Scholars@Duke publication: Trypanosoma brucei gambiense: growth in vitro of bloodstream forms inhibited by dichlorodiammineplatinum (II) compounds and hypolipidemic drugs.

Trypanosoma brucei gambiense: growth in vitro of bloodstream forms inhibited by dichlorodiammineplatinum (II) compounds and hypolipidemic drugs.

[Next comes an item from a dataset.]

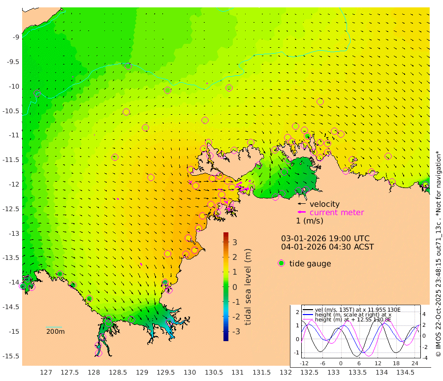114cm/s 78T +4cm/s rms + 6cm/s 51T. Darwin_C1 52m 69cm/s 83T +4cm/s rms + 7cm/s -161T. Darwin_CW1 22m 41cm/s 77T +4cm/s rms + 8cm/s 61T. Darwin_CW2 34m 28cm/s 59T +3cm/s rms + 9cm/s 98T. Darwin_CW3 22m 40cm/s 87T +5cm/s rms + 7cm/s 88T. Darwin_C3 56m 78cm/s 62T +2cm/s rms + 9cm/s -126T. Darwin_CTbW 22m 9cm/s 134T +9cm/s rms + 2cm/s -110T. NWSLYN 196m 54cm/s 92T +1cm/s rms + 1cm/s -47T. DARBGF 30m 10cm/s 15T +7cm/s rms + 2cm/s -137T. ITFTIS 464m 7cm/s 61T +9cm/s rms + 1cm/s 74T. ITFMHB 146m 34cm/s 149T +4cm/s rms + 1cm/s -134T. ITFJBG 61m 27cm/s 122T +6cm/s rms + 4cm/s 121T. ITFFTB 108m 52cm/s 121T +4cm/s rms + 3cm/s 80T. NRSDAR 19m -55cm Carronade Island -65cm Guy Point -54cm Napier Broome Bay 2cm Lesueur Island 16cm Reveley Island -15cm Rocky Island 4cm Cape Domett 8cm Lacrosse Island -44cm Adolphus Island -121cm Pender Point -148cm Wyndham 67cm The Boxers 109cm Unnamed Shoal 23cm Loxton Shoal 32cm Pelican Island 59cm Calder Shoal 42cm Evans Shoal -70cm Quoin Island 84cm Port Keats 89cm Jones Point -58cm Catfish Island 107cm Cape Scott Offshore 179cm Cape Ford 133cm Anson Bay 69cm Goodrich Bank 131cm Peron Island North 135cm Point Jenny 136cm Native Point 143cm Fish Reef 140cm Tapa Bay 119cm Point Fawcett (Offshore) 140cm Burge Point 134cm Munkunuwa 130cm Beagle A 142cm Parsons Bank 134cm Fenton Patches 54cm Lynedoch Bank 123cm Hancox Shoal Area 127cm Nightcliff 143cm Darwin 149cm Charles Point Patches 77cm Glyde Point -3cm Chambers Bay -7cm Point Stuart 52cm Cape Hotham 0cm Christine Reef -23cm West Alligator Head -55cm East Field Island 28cm Two Hills Bay 107cm Newby Shoal 26cm Camp Point 141cm Medina Inlet South 115cm South Barlow Point 94cm St. Asaph Bay 78cm Cape Van Dieman 85cm Snake Bay 76cm Cache Point -2cm Echo Shoal 72cm Point Jahleel (Off) 79cm Cape Don 90cm Port Essington 89cm Smith Point - West 89cm NW Peacock Island 78cm North Of Jones Shoal 30cm Peacock Island 100cm Point David 96cm D'urville Point 86cm Money Shoal 98cm Copeland Island 126cm Cape Cockburn 97cm One Tree Point 115cm Hogmany Shoal 97cm New Year Island - West 99cm Grant Island 98cm Aurari Bay 99cm Cuthbert Point 100cm North Goulburn Island 88cm Paxie Shoal 80cm Entrance Island 69cm Yabooma Island

Publication , Journal Article

Balber, AE; Gonias, SL; Pizzo, SV

Published in: Exp Parasitol

February 1985

Infectious bloodstream forms of Trypanosoma brucei gambiense were grown in microcultures of murine bone marrow cells in 96-well tissue culture plates. Limiting dilution studies showed that fewer than 10 cultured trypanosomes developed into populations of about 5 X 10(4) parasites per well in a week. Bloodstream parasites were reisolated with high efficiency from mice infected with cultured parasites; fewer than 10 bloodstream parasites successfully established a trypanosome population in a microculture. Both the cis and trans isomers of dichlorodiammineplatinum (II) (cisplatin and transplatin) and a hypolipidemic agent, Wy 14643, were found to have activity against T. b. gambiense growing in microcultures. The minimum concentration of drug necessary to completely eliminate parasites from microcultures was 4 microM for cisplatin, 40 microM for transplatin, and 500 microM for Wy 14643. A preformed complex of cisplatin and bovine serum albumin and another hypolipidemic agent, chlofibric acid, were inactive. This culture system should be useful for rapid screening of large numbers of compounds for trypanocidal activity.